Summary from Goodreads: Andy Barber has been an assistant district attorney in his suburban Massachusetts county for more than twenty years. He is respected in his community, tenacious in the courtroom, and happy at home with his wife, Laurie, and son, Jacob. But when a shocking crime shatters their New England town, Andy is blindsided by what happens next: His fourteen-year-old son is charged with the murder of a fellow student.
Every parental instinct Andy has rallies to protect his boy. Jacob insists that he is innocent, and Andy believes him. Andy must. He’s his father. But as damning facts and shocking revelations surface, as a marriage threatens to crumble and the trial intensifies, as the crisis reveals how little a father knows about his son, Andy will face a trial of his own—between loyalty and justice, between truth and allegation, between a past he’s tried to bury and a future he cannot conceive.
Really, not much more to say than that. It was a typical “lawyer book”– complete with a despised ambitious lawyer trying to take the district attorney down a notch, explosive courtroom transcripts, evidence that leads in the wrong direction for a spell and a twist at the end that I didn’t see coming.

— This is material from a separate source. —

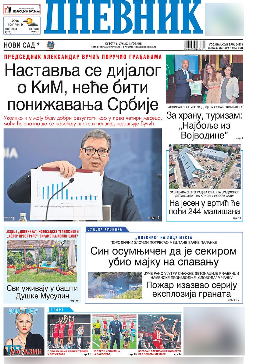 Dnevne novine u Srbiji za subotu, 5. jun 2021. godine, na naslovnim stranama najavljuju brojne aktuelne društveno-političke teme i donose ekskluzivne priče.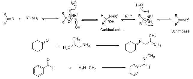 Another type of reactions is the reaction of aldehydes and ketones with substituted amines (Scheme 10). Primary amines react with carbonyl compounds to give an imine (also called Schiff base). As shown above, the initial addition of the amine generates a carbinol amine which then undergoes β-elimination to give the imine as product. The reaction requires acid catalysis for the elimination step. However, the pH of the solution has to be maintained properly since a very low pH will result in protonation of the nucleophile amine.

I wasn’t crazy about the whole “murder gene” angle that was explored in the middle (Andy’s father and grandfather exhibit a history of violence that may or may not be an inherited trait passed from generation to generation– lots of scientifically sounding psycho-babble that essentially leaves it up to the reader to determine whether or not Jacob was doomed from birth to be a violent killer) but overall it was entertaining enough. Definitely well written but I don’t think it is going to win any great literary prizes. A solid 3 star read for me– perhaps my fellow Hoarders, who enjoy this genre more than I, may rate it higher. Penny? Liz?